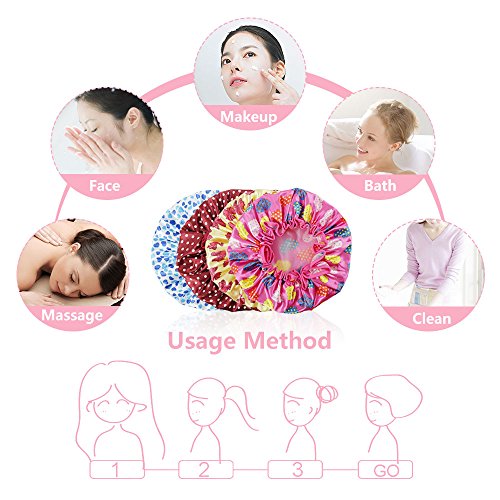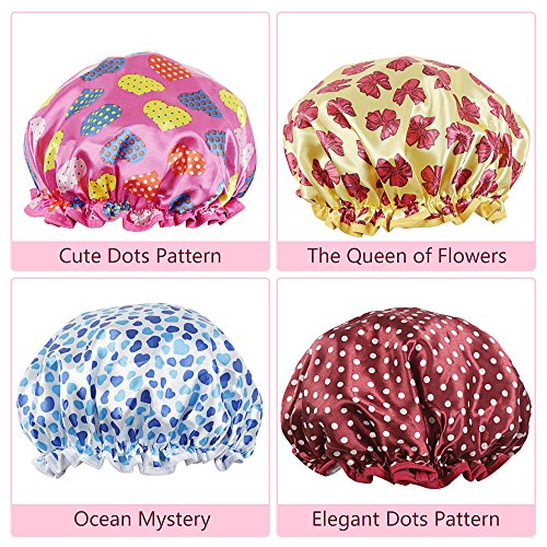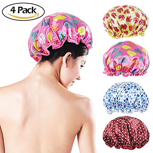 4 PCS Shower Cap, Kisstaker Double Design Waterproof Large Shower Cap with Elastic Band for Women
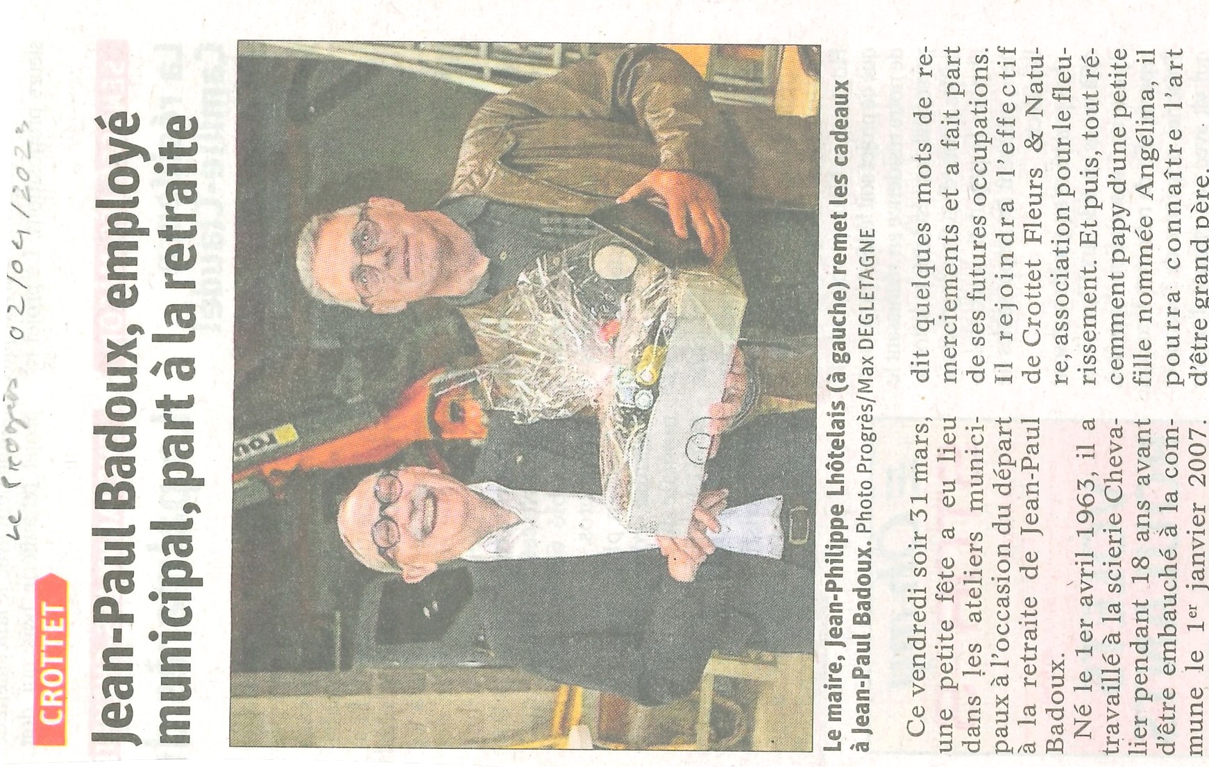 Accueil / Crottet dans la presse ! / Espace presse / Le progrès 02 04 2023 Jean-Paul Badoux employé municipal part à la retraite
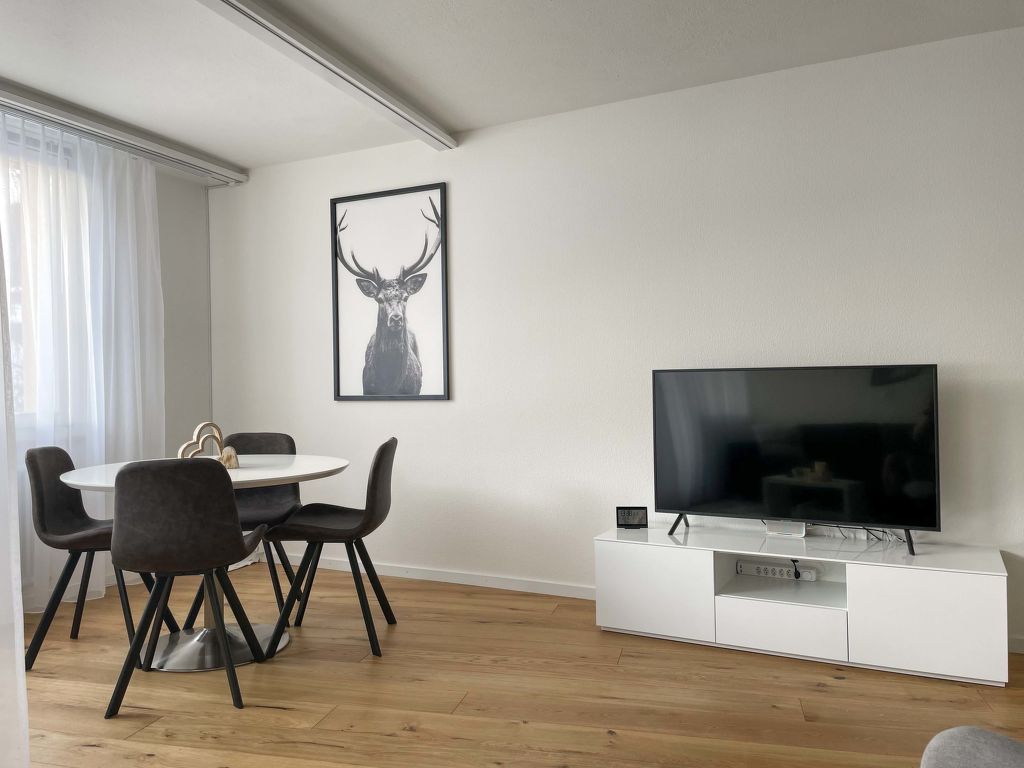 1-Zimmer-Wohnung 47 m2 im 4. Stock, Südwestlage. Teilweise renoviert im Jahre 2020, komfortabel und modern eingerichtet: offenes Wohn-/Esszimmer mit 1 Diwanbett (160 cm, Länge 200 cm), 1 Doppelbett (180 cm, Länge 200 cm), Kabel-TV (Flachbildschirm). Ausgang zum Balkon. Kleine, offene Küche (3 Kochplatten, Backofen, Tiefkühler, elektrische Kaffeemaschine) mit Esstisch. Bad/WC. Heizung. Balkon, Südlage. Balkonmöbel. Schöne Sicht auf die Berge, die Landschaft und die Ortschaft. Zur Verfügung: Internet (Wireless LAN, gratis). Parkplatz. Bitte beachten: Nichtraucher-Unterkunft.
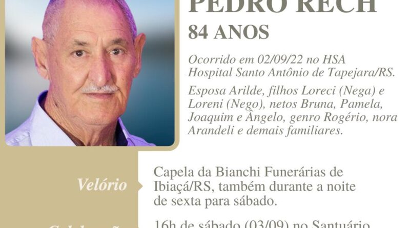 A Bianchi Funerárias, juntamente com a família Rech, comunica com pesar, o falecimento do senhor Pedro Rech, ocorrido dia 02/09/2022 no HSA de Tapejara com 89 anos de idade. Seu corpo está sendo velado na Capela da Bianchi Funerárias de Ibiaçá. Celebração às 16:00 horas de sábado (03/09/2022) no Santuário e após seu sepultamento no Cemitério Municipal de Ibiaçá.
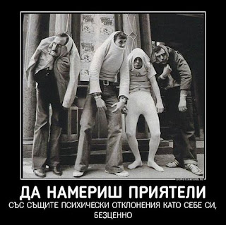 точно това обяснявах на една моя много мила позната с която се заприказвахме за мъже на шишман. беше разочарована, че мислела един мъж за нормален, а се оказало, че не е. аз й казах, че вече по принцип никой не е нормален, тя също, така че единствената реална възможност за относителен душевен мир е да намериш този, чиято лудост е съвместима с твоята.
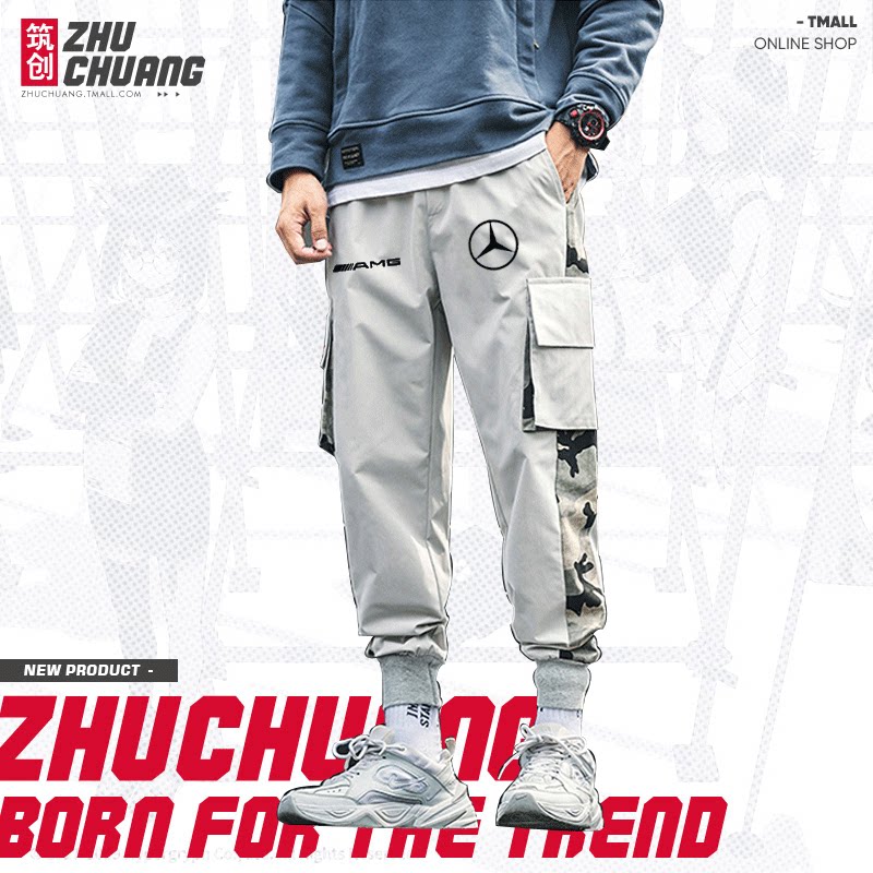 Customizable Mercedes-AMG car personality printing camouflage trousers overalls men's cigarette pants men's and women's casual js
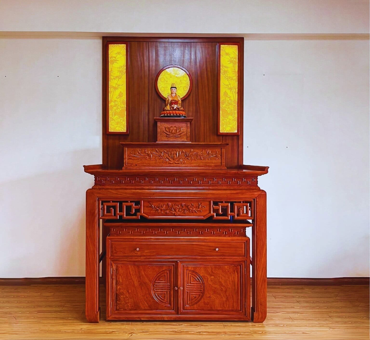 Tủ thờ dạng vây quanh là 4 bức vách, tạo không gian khép kín bên trong. Đặc biệt, thiết kế một mặt theo dạng cánh cửa mở ra mở vào, dùng để cất giữ và lấy đồ bên trong.
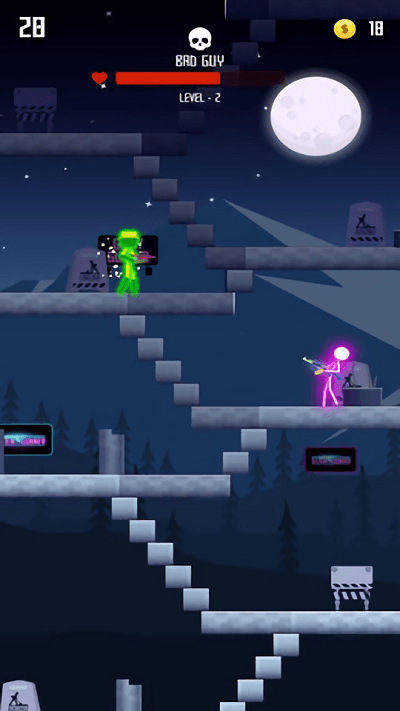 游戏采用简单直观的操作方式,左手控制移动,右手控制瞄准射击,新手也能快速上手。游戏包含数十个精心设计的关卡,每个关卡都有独特的地形和敌人配置。玩家需要精准控制射击角度和时机,利用物理反弹等特性来完成高难度挑战。游戏还支持多种特殊玩法模式,如限时挑战、无限模式和Boss战等,确保玩家能持续获得新鲜的游戏体验。流畅的运行表现和精美的画面效果让游戏更具吸引力。
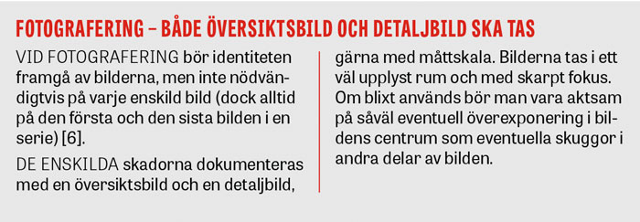 Skadorna kan med fördel ritas in på en kroppsmall. Dessutom kan fotografier av god kvalitet utgöra ett utmärkt komplement till den skriftliga skadebeskrivningen. Såväl en översiktsbild som en närbild av varje skada tas i rät vinkel mot kroppsdelens hudyta, och en mätskala bör synas i bilden. Läkaren måste därför vara förtrogen med arbetsplatsens kamera, och bilderna bör märkas så att de är spårbara både avseende person och fotograferingstidpunkt [6]. Fotografering med privatägd mobiltelefon bör undvikas.
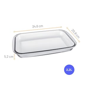 - Indicado Para: Assar; - Capacidade 2,2L; - Vidro cristalino temperado, é fácil de lavar e higiênica;

--------------------------------------------------

### WHAT IS BEING ASKED
Exactly the lines from the one with "Skadorna kan med" through the end of the records are to be repeated, both ends included, and pictures are to be omitted.

### ANSWER TO THIS PROBLEM
 Skadorna kan med fördel ritas in på en kroppsmall. Dessutom kan fotografier av god kvalitet utgöra ett utmärkt komplement till den skriftliga skadebeskrivningen. Såväl en översiktsbild som en närbild av varje skada tas i rät vinkel mot kroppsdelens hudyta, och en mätskala bör synas i bilden. Läkaren måste därför vara förtrogen med arbetsplatsens kamera, och bilderna bör märkas så att de är spårbara både avseende person och fotograferingstidpunkt [6]. Fotografering med privatägd mobiltelefon bör undvikas.
 - Indicado Para: Assar; - Capacidade 2,2L; - Vidro cristalino temperado, é fácil de lavar e higiênica;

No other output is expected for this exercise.